Several studies have attempted to create template ROIs for evaluating anatomically normalized I-123 FP-CIT images. Koch et al. [8] created the I-123 FP-CIT template and 3D ROI map for healthy controls using Brain Analysis Software program (BRASS), which can evaluate the caudate nucleus and putamen separately. Borros et al. [9] created the I-123 FP-CIT template using SPM and SPECT data of patients with drug-induced Parkinsonism, and registered all of the I-123 FP-CIT SPECT images to the new template. These normalized images were quantitatively evaluated using MRI-based VOIs for the caudate nucleus and putamen. Takada et al. [10] applied VOIClassic in Neurostat, a software program for the statistical image analysis of the brain developed by Minoshima et al. [11], to the semi-quantitative assessment of I-123 FP-CIT, and calculated the specific (striatal) to nonspecific (occipital) count ratios on the anatomically normalized images. However, those authors did not describe the difference between the MRI-based and FP-CIT-based ROIs, and the putaminal I-123 FP-CIT uptake was not evaluated separately as anterior and posterior portions. DaTQUANT is a software program supplied commercially by GE Healthcare [12] that can automatically measure the S/BG ratio of the caudate nucleus, anterior putamen and posterior putamen. This ROI system is similar to our ROI system, and seems to be well designed, but we have no experience in using it, and the details of the normalization technique are not clear.

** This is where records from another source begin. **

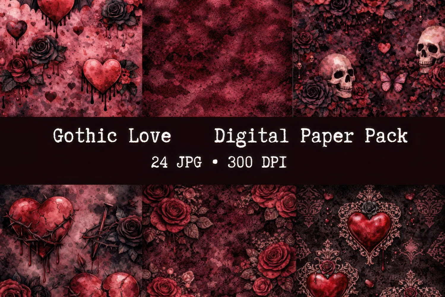 Gothic Love Digital Paper Pack, Dark Romance Grunge Backgrounds, Bloody Hearts Roses Skulls, Gothic Scrapbook Paper, 24 JPG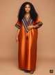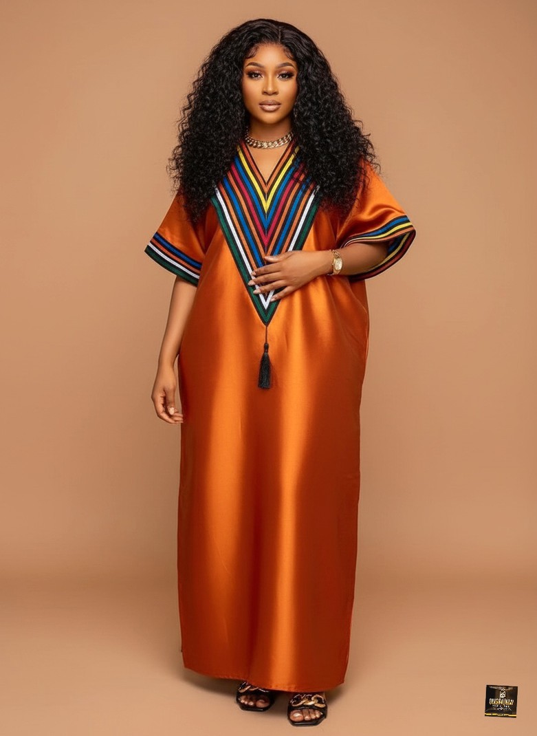 Radiate sophistication in this luxurious, floor-length kaftan. The fabric has a beautiful silk orange color giving it a rich and elegant drape. The focal point is the deep V-neckline, beautifully trimmed with vibrant, multi-colored handwoven aso-oke stripes in red, blue, green, and yellow, creating a striking chevron pattern. A chic black tassel hangs from the center V. The wide sleeves are also finished with matching striped trim. Style: V-Neck Kaftan Maxi Dress Material: Silky Saffron Orange with handwoven aso-oke Color: Multicolor Key Features: Dramatic rainbow Kente-style chevron trim on the neckline and sleeves; wide, flowing silhouette. Best For: Formal events, glamorous resort wear, cultural celebrations, or an elegant evening out.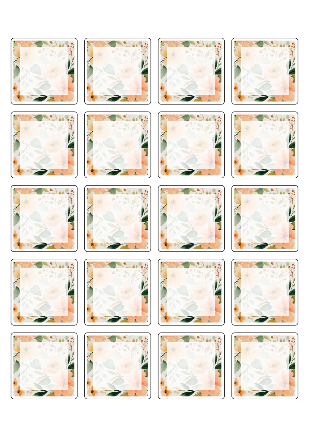 디자인된 A4 라벨지 출력용 라벨스티커, 규격코드: 420, 디자인코드: DA1420(꽃무늬 포장지1), 45 x 45 (mm)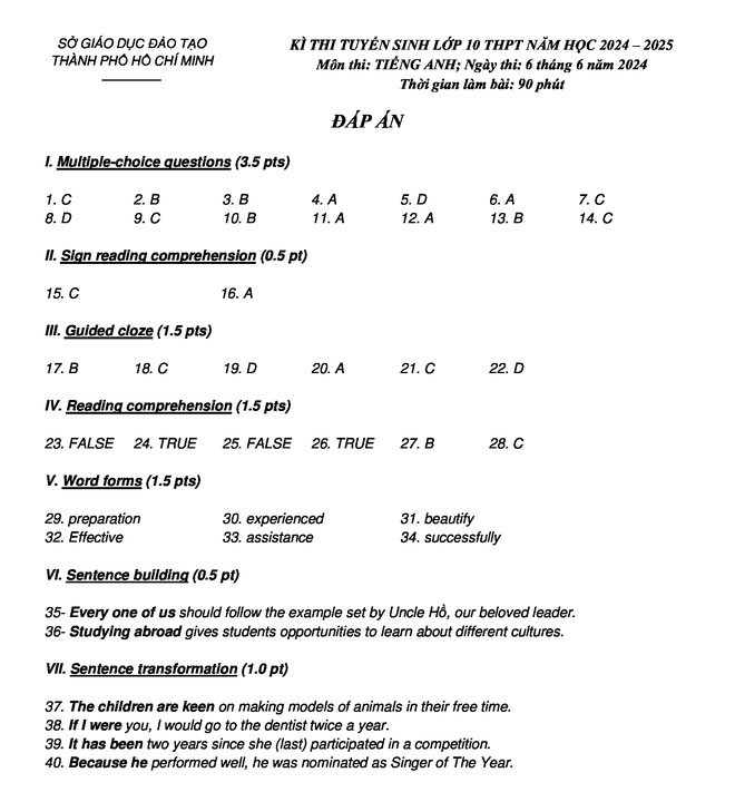 Cụ thể đáp án đề thi vào lớp 10 TPHCM năm 2024 như sau: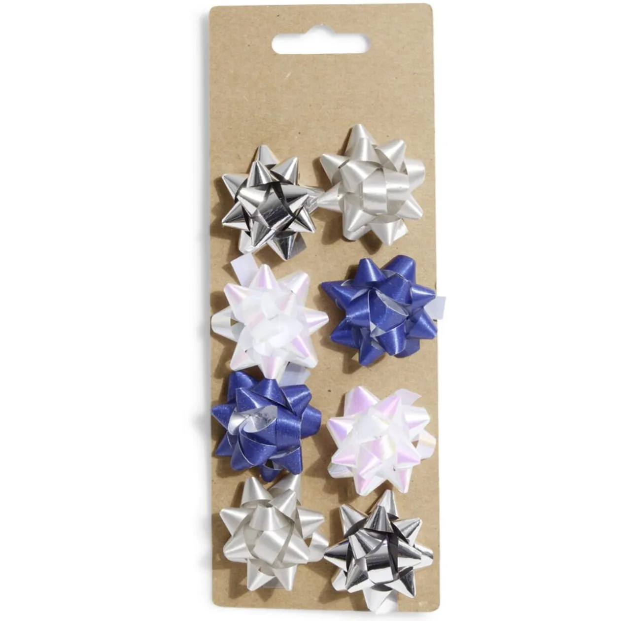 Lot de 8 noeuds en bolduc mat et brillant dont 2 argentés, 2 gris, 2 blancs iridescents et 2 bleus, indispensable à vos emballages cadeaux pour apporter la petite touche finale.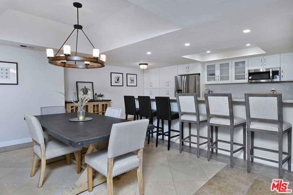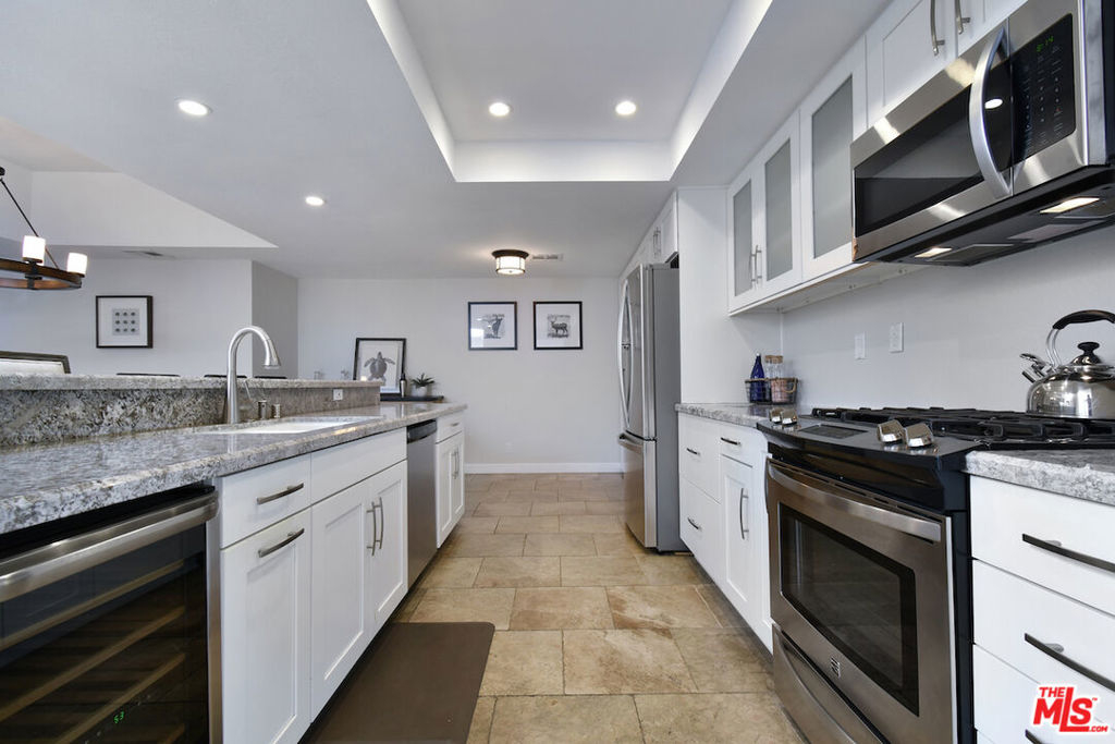 Prime Sherman Oaks / Large / Rare Top Floor / Fully Furnished End Unit! Tons of natural light w some easterly southerly treetop / mountain views and moments to Ventura Blvd, necessity shopping, entertainment, fine dining and comfort restaurants. Tile entry opens to beautiful, granite countered peninsula / island kitchen, large open dining area, living room w fireplace and balcony facing east (sunrise). Ample sized secondary bedroom w excellent tiled bath. Primary suite w balcony, wonderful two-stage full bathroom (two sinks / counter space separate from one another), two terrific, large walk-in closets and grand bedroom w fireplace (again facing east). Wood / stone / ceramic tile flooring throughout. In unit side by side washer / dryer in separate closet. Gated two-car tandem parking w storage, elevator access and designed reception area at entry. Owner visited only six times in their seven year term of ownership and it's never been short or long term rented, all appliances appear newer. Truly a beautifully furnished, top floor, end unit that feels like a massive higher end hotel suite. Sherman Oaks Charter Elementary.

The partial volume effect due to the limited spatial resolution of SPECT device is known to result in underestimation of the ROI values. Bolt et al. [13] reported a method using large ROIs including the striatum to avoid the partial volume effect. Their method involves correction of the total specific radioactivity by the standard striatal volume, and the values obtained by their method are higher than those obtained by conventional ROI methods covering only the striatum. However, this method may underestimate the specific binding ratio, when the striatal ROI includes cerebrospinal fluid space due to cerebral atrophy.

In the present study, we did not try to correct for the partial volume effect, but such correction is believed to be necessary to obtain an accurate value. Several methods other than Bolt’s method seemed useful for partial volume correction. In the future, we will attempt partial volume correction using segmented MRI images [14].

We created an ROI template on the anatomically normalized MRI and I-123 FP-CIT images, and concluded that I-123 FP-CIT-based ROIs are more suitable for obtaining quantitative values than MRI-based ROIs.